_Work order:_
Reproduce the records that follow exactly; any picture among them stays out.

____

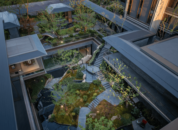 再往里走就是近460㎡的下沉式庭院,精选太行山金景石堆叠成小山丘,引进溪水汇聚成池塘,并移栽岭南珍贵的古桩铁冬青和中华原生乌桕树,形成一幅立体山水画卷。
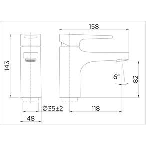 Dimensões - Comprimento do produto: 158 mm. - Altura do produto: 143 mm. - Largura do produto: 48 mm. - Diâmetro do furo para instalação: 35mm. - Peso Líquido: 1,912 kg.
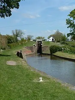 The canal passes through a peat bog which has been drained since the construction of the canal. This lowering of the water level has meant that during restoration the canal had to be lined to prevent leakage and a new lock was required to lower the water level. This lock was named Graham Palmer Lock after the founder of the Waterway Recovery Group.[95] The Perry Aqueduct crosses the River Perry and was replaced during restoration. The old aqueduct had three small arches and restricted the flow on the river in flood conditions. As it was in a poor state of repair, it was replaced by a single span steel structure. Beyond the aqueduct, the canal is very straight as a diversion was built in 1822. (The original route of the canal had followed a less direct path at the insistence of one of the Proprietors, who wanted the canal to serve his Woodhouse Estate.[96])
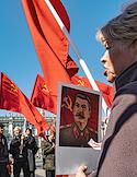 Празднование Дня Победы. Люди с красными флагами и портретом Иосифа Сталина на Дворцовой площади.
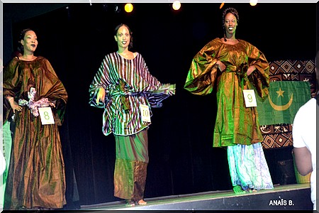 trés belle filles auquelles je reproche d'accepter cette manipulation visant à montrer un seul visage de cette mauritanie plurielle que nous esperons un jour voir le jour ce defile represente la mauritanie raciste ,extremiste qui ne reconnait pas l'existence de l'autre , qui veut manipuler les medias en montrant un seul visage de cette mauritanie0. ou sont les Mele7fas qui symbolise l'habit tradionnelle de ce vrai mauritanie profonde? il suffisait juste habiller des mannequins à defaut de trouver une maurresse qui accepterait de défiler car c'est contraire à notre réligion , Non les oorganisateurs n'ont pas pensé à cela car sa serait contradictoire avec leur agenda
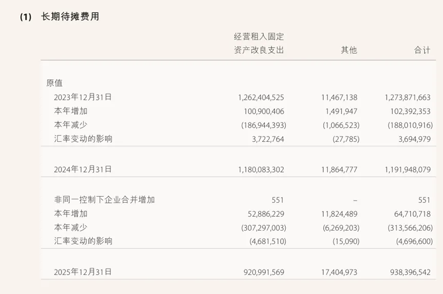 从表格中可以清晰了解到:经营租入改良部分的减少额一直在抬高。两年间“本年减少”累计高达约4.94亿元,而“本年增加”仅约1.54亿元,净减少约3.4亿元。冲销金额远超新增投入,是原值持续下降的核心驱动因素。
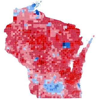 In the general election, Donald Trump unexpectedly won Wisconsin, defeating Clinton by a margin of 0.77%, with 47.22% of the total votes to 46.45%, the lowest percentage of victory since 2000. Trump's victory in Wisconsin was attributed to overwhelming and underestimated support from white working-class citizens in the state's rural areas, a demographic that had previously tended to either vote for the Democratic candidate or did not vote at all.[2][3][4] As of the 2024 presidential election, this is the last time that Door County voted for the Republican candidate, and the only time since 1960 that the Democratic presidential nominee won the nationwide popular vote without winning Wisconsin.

____

_Written solution:_
 再往里走就是近460㎡的下沉式庭院,精选太行山金景石堆叠成小山丘,引进溪水汇聚成池塘,并移栽岭南珍贵的古桩铁冬青和中华原生乌桕树,形成一幅立体山水画卷。
 Dimensões - Comprimento do produto: 158 mm. - Altura do produto: 143 mm. - Largura do produto: 48 mm. - Diâmetro do furo para instalação: 35mm. - Peso Líquido: 1,912 kg.
 The canal passes through a peat bog which has been drained since the construction of the canal. This lowering of the water level has meant that during restoration the canal had to be lined to prevent leakage and a new lock was required to lower the water level. This lock was named Graham Palmer Lock after the founder of the Waterway Recovery Group.[95] The Perry Aqueduct crosses the River Perry and was replaced during restoration. The old aqueduct had three small arches and restricted the flow on the river in flood conditions. As it was in a poor state of repair, it was replaced by a single span steel structure. Beyond the aqueduct, the canal is very straight as a diversion was built in 1822. (The original route of the canal had followed a less direct path at the insistence of one of the Proprietors, who wanted the canal to serve his Woodhouse Estate.[96])
 Празднование Дня Победы. Люди с красными флагами и портретом Иосифа Сталина на Дворцовой площади.
 trés belle filles auquelles je reproche d'accepter cette manipulation visant à montrer un seul visage de cette mauritanie plurielle que nous esperons un jour voir le jour ce defile represente la mauritanie raciste ,extremiste qui ne reconnait pas l'existence de l'autre , qui veut manipuler les medias en montrant un seul visage de cette mauritanie0. ou sont les Mele7fas qui symbolise l'habit tradionnelle de ce vrai mauritanie profonde? il suffisait juste habiller des mannequins à defaut de trouver une maurresse qui accepterait de défiler car c'est contraire à notre réligion , Non les oorganisateurs n'ont pas pensé à cela car sa serait contradictoire avec leur agenda
 从表格中可以清晰了解到:经营租入改良部分的减少额一直在抬高。两年间“本年减少”累计高达约4.94亿元,而“本年增加”仅约1.54亿元,净减少约3.4亿元。冲销金额远超新增投入,是原值持续下降的核心驱动因素。
 In the general election, Donald Trump unexpectedly won Wisconsin, defeating Clinton by a margin of 0.77%, with 47.22% of the total votes to 46.45%, the lowest percentage of victory since 2000. Trump's victory in Wisconsin was attributed to overwhelming and underestimated support from white working-class citizens in the state's rural areas, a demographic that had previously tended to either vote for the Democratic candidate or did not vote at all.[2][3][4] As of the 2024 presidential election, this is the last time that Door County voted for the Republican candidate, and the only time since 1960 that the Democratic presidential nominee won the nationwide popular vote without winning Wisconsin.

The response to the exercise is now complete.